We have been in the process of having him evaluated for early intervention.  He has some fine motor delays and they are seeing that he may have some receptive language delays as well.  
What is the best way to overcome the pooping situation?  He is starting speech and OT.  Hopefully those two will help him stay focused on task and be less of a class distraction (he gets antsy and loses focus quickly unless having  1:1 direction).
The school is trying to get me to pull him out, but he has such anxiety about being left by me with strangers, I'm afraid if I pull him to a different school now, it will only make things worse.  Thank you in advance for your input.

Hello, Anna;

As you've noted, your son is exhibiting signs of anxiety, symptoms of which often include the behaviors you describe. It's possible his level of social maturity is somewhat below chronological age - perhaps at the 3 year level. Though this may self-correct with time and the educational services you're providing through the school, one might normally expect soiling to occur episodically at 3 years of age. At that developmental age, soiling is still within the broad range of "normal" bowel habits for boys.

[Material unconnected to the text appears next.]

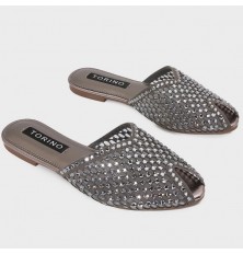 تألقي مع هذا النعال المسطح من تورينو، تصميم أنيق بجزء من التول المرصع بالستراس البراق, متوفر بألوان لا غنى عنها

So, several approaches could be considered. First, using pull-ups for school and advising the teacher to proactively take the child to the bathroom on arrival and perhaps 2 hours later and again mid-afternoon might solve the problem. Motivation could be enhanced if the teacher gave a smiley face after each bathroom visit with clean pants or pull-up.

If no improvement occurred over several months, formal psychological testing might be indicated. This includes IQ, Achievement, Social Maturity and Projective (emotionality) testing. Developmental delays and other cognitive deficits are so defined and a specific educational program can be designed and monitored.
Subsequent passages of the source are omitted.